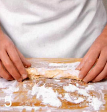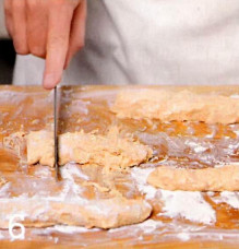 4 . В широкой и глубокой кастрюле вскипятите 3 литра воды. Присыпьте доску мукой. Берите мокрыми руками кусок теста и скатывайте из него на весу колбаску толщиной примерно 2 см.
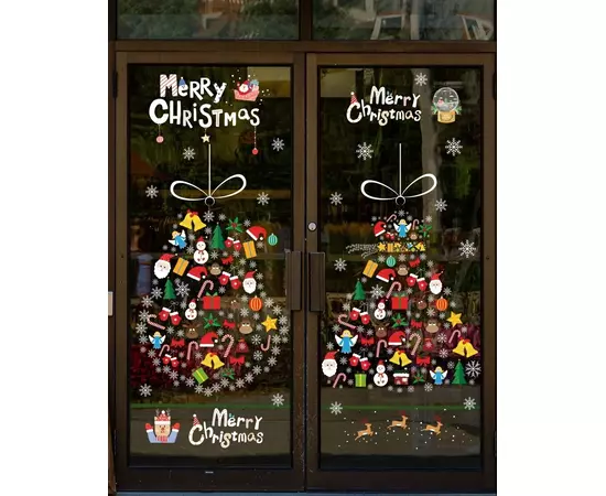 Sticker Geam Figurine Mici cu Motive de Craciun
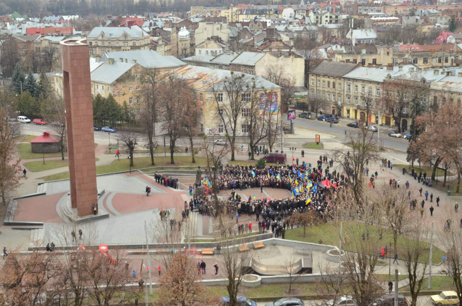 Зокрема, вже традиційно львів’яни зібралися біля пам’ятника Степану Бандері, де разом з владою поклали квіти, а священнослужителі провели панахиду. Опісля відбулося громадське віче.
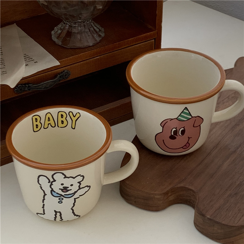 韓国式レトロな熊の子犬の陶磁器の杯の少女の心の漫画のマグカップのカップルの朝食のコップの牛乳の杯

========

Apart from the pictures, every line of the data above should be given again exactly.

 4 . В широкой и глубокой кастрюле вскипятите 3 литра воды. Присыпьте доску мукой. Берите мокрыми руками кусок теста и скатывайте из него на весу колбаску толщиной примерно 2 см.
 Sticker Geam Figurine Mici cu Motive de Craciun
 Зокрема, вже традиційно львів’яни зібралися біля пам’ятника Степану Бандері, де разом з владою поклали квіти, а священнослужителі провели панахиду. Опісля відбулося громадське віче.
 韓国式レトロな熊の子犬の陶磁器の杯の少女の心の漫画のマグカップのカップルの朝食のコップの牛乳の杯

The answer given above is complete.